# Exercise objective
Where the line containing "Square solid fridgemagnet: Elephant, illustrated" appears in the entries below, start there and print only that line and every line after it, exactly, through the end, excluding pictures.

Source records
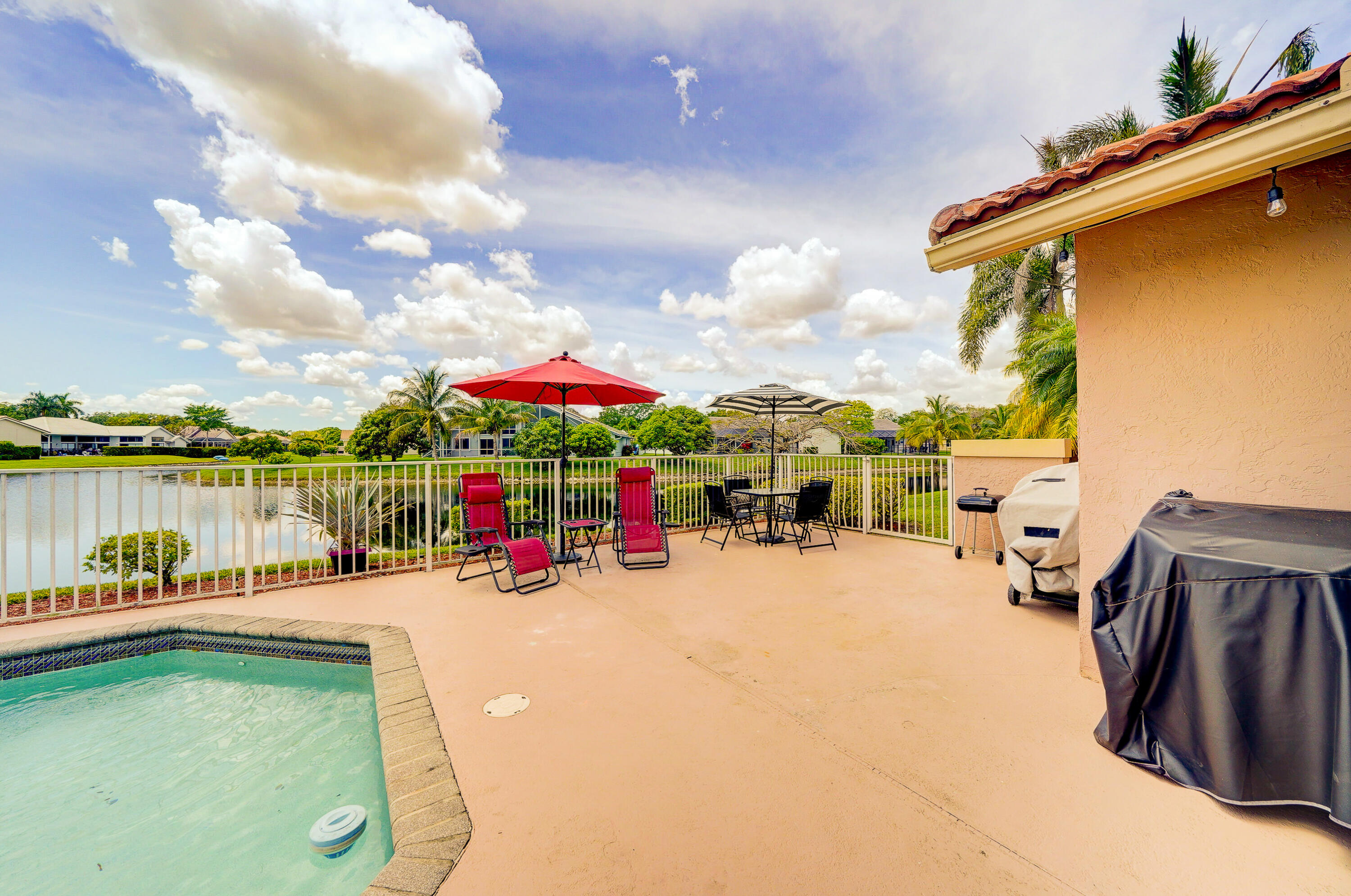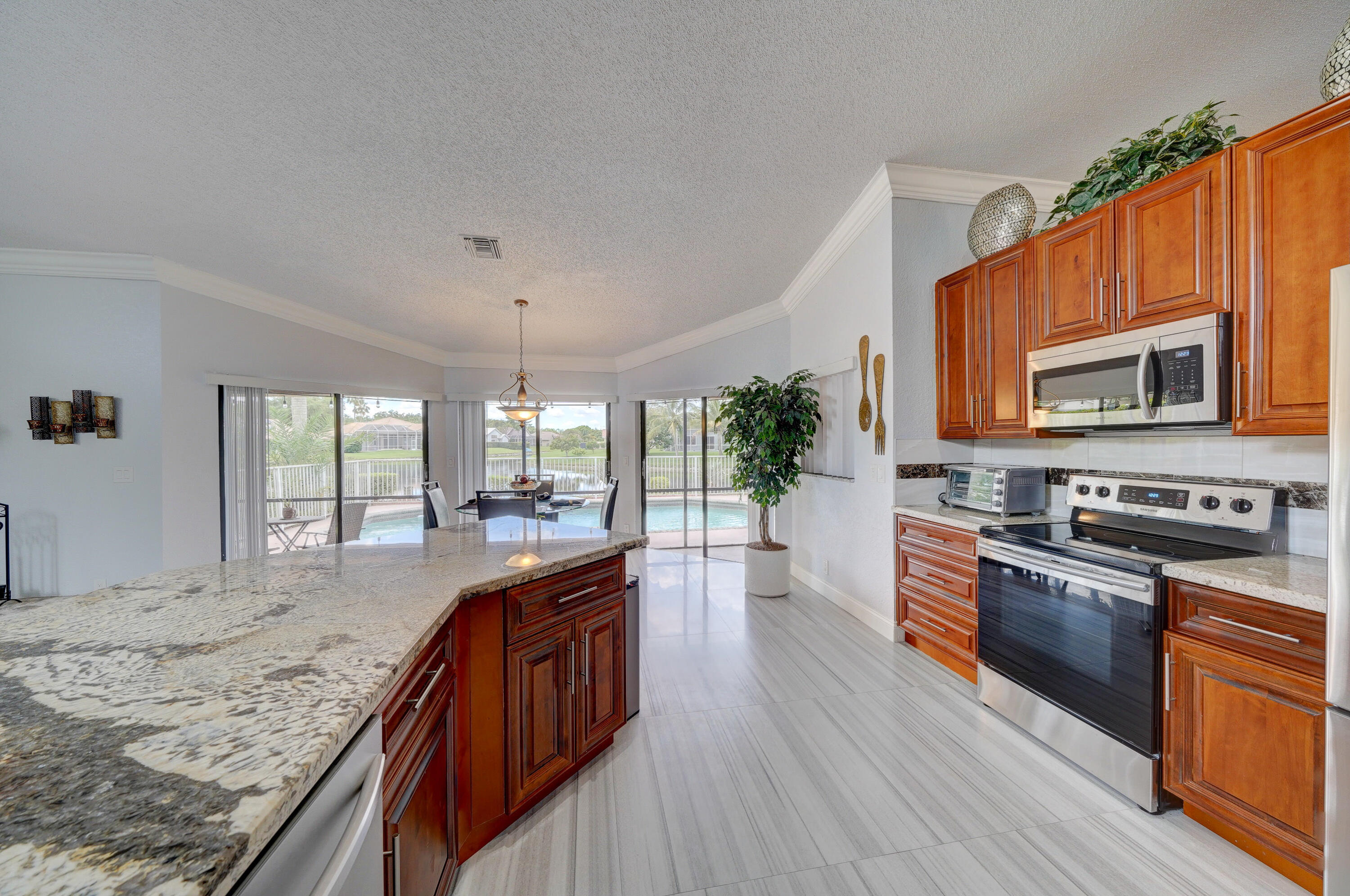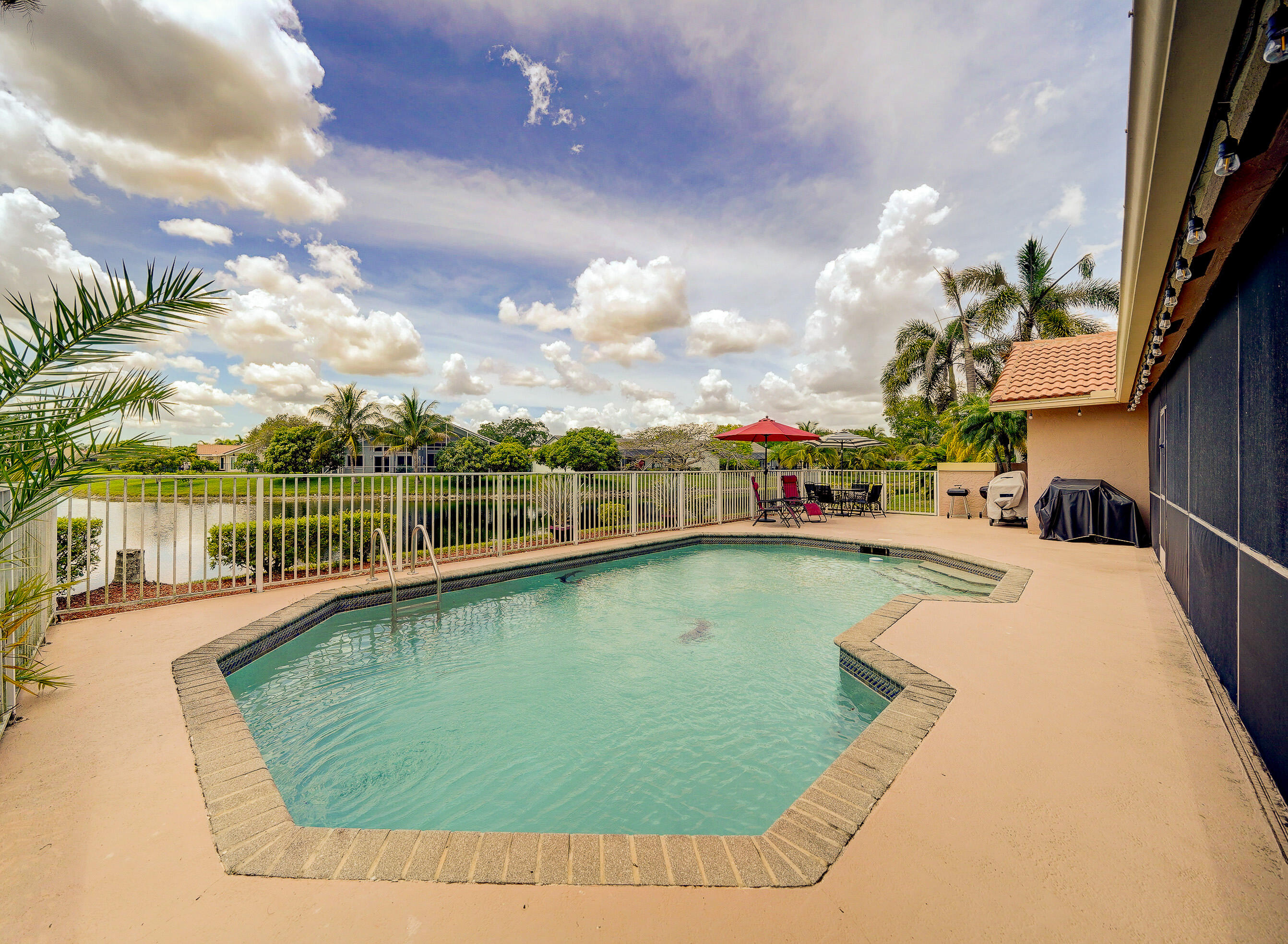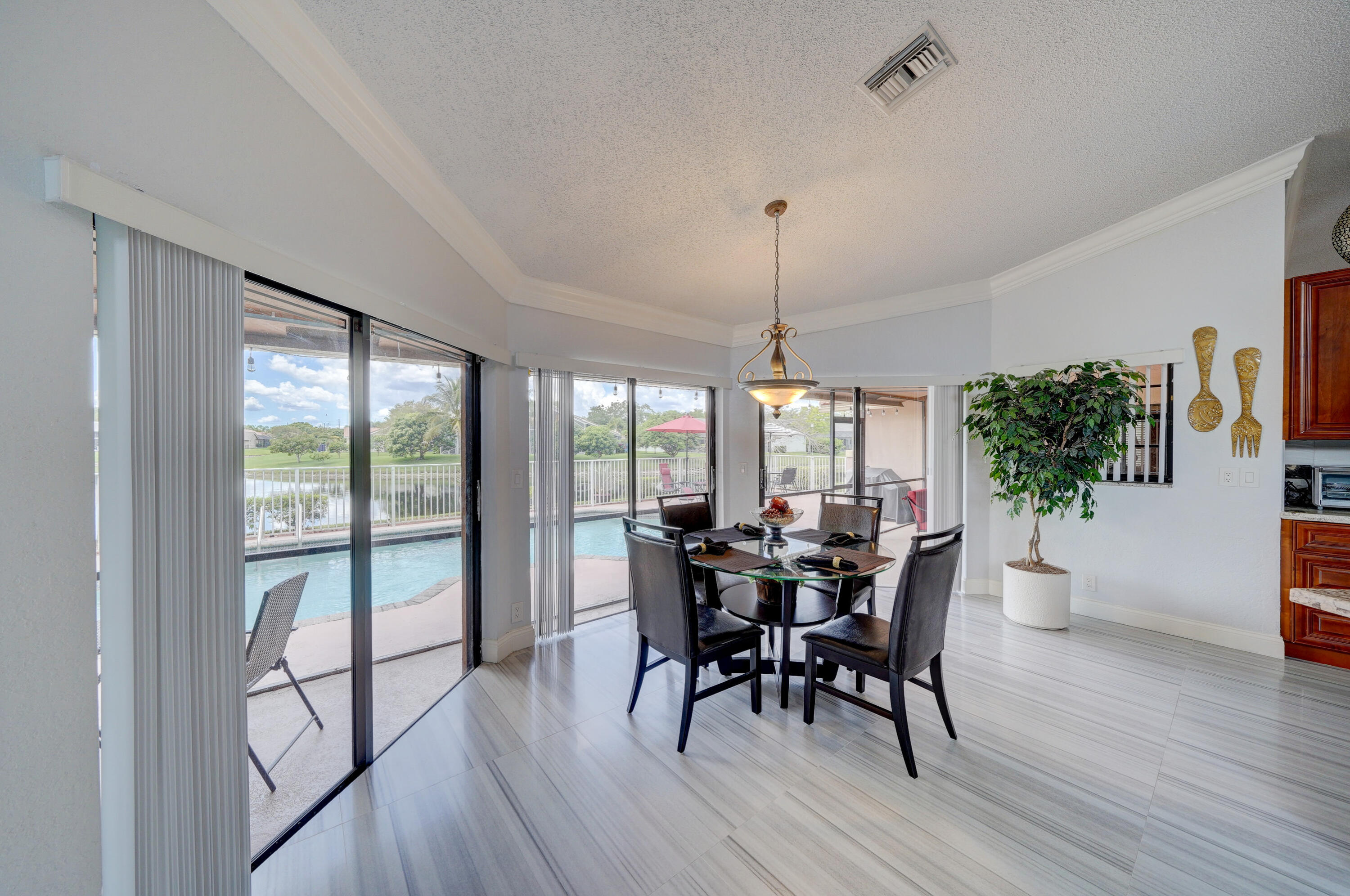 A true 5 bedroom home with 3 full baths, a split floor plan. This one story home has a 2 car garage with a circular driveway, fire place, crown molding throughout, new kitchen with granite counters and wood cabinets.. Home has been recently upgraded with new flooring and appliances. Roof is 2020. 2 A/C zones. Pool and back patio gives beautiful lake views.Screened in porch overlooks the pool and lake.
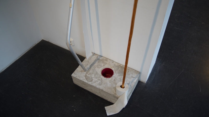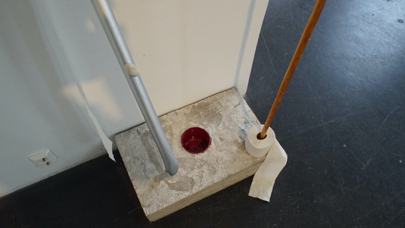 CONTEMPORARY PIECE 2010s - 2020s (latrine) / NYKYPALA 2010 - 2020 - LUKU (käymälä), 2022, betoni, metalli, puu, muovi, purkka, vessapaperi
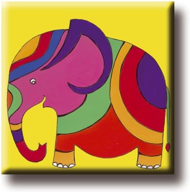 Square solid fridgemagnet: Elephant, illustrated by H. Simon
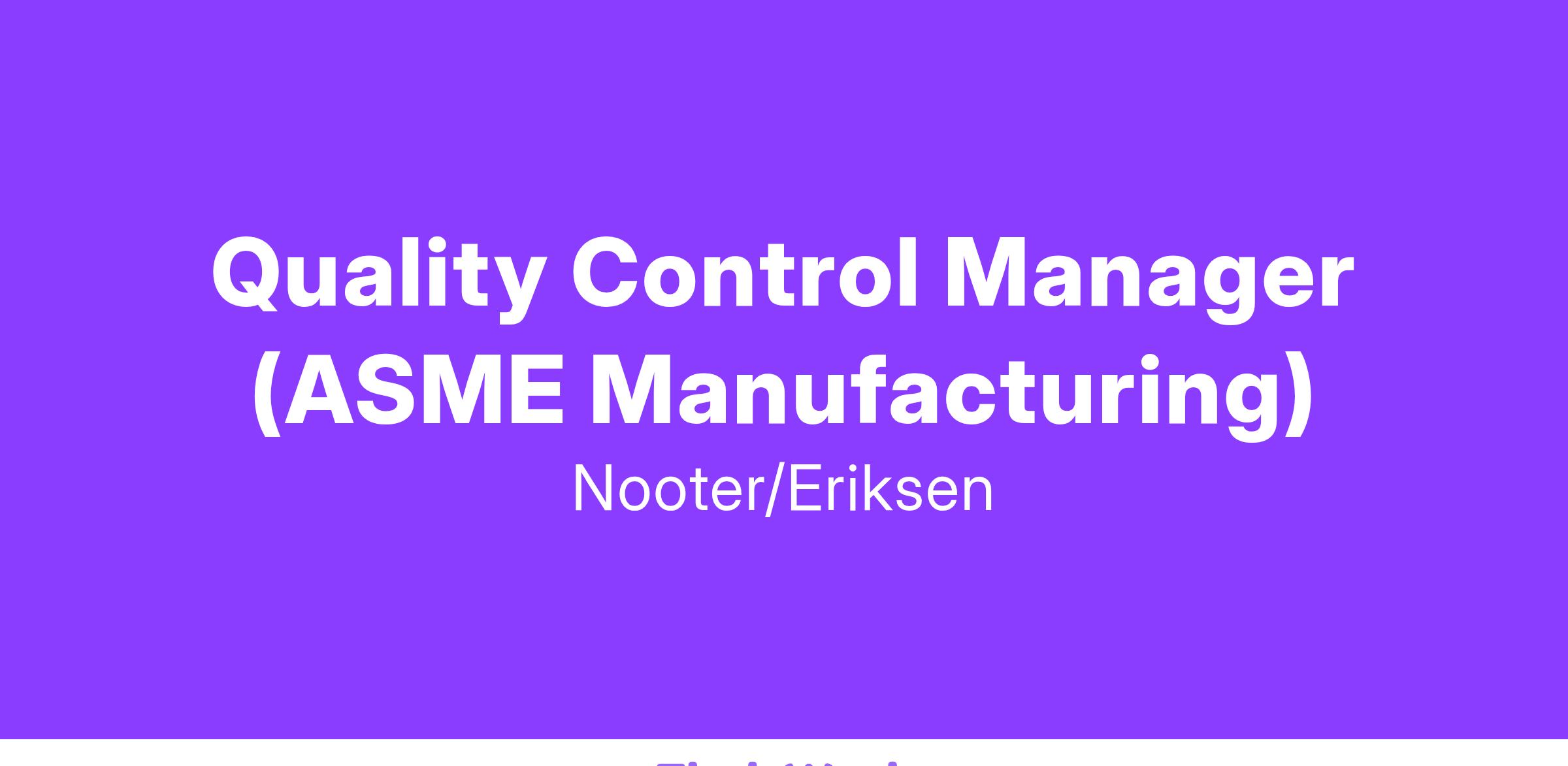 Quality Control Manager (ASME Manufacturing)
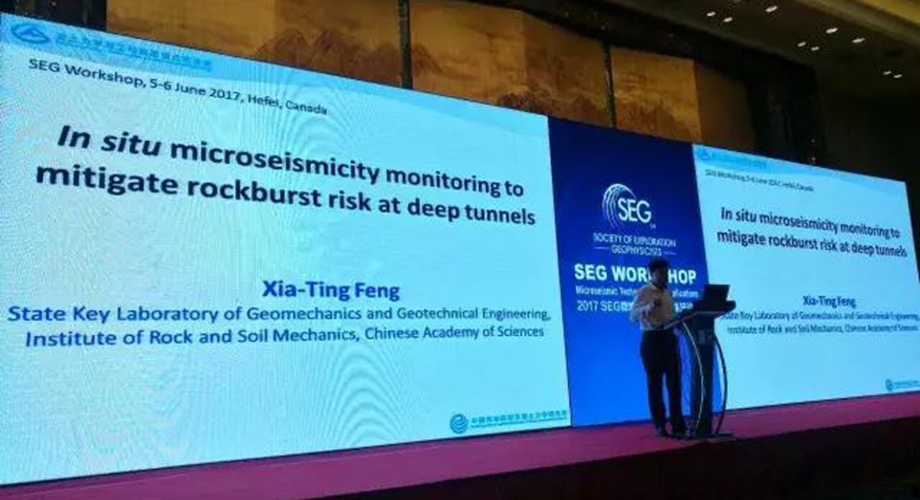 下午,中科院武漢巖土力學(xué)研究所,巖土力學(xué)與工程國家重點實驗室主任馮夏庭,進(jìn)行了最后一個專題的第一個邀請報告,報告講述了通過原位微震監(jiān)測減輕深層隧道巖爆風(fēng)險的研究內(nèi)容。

# Output of the task
 Square solid fridgemagnet: Elephant, illustrated by H. Simon
 Quality Control Manager (ASME Manufacturing)
 下午,中科院武漢巖土力學(xué)研究所,巖土力學(xué)與工程國家重點實驗室主任馮夏庭,進(jìn)行了最后一個專題的第一個邀請報告,報告講述了通過原位微震監(jiān)測減輕深層隧道巖爆風(fēng)險的研究內(nèi)容。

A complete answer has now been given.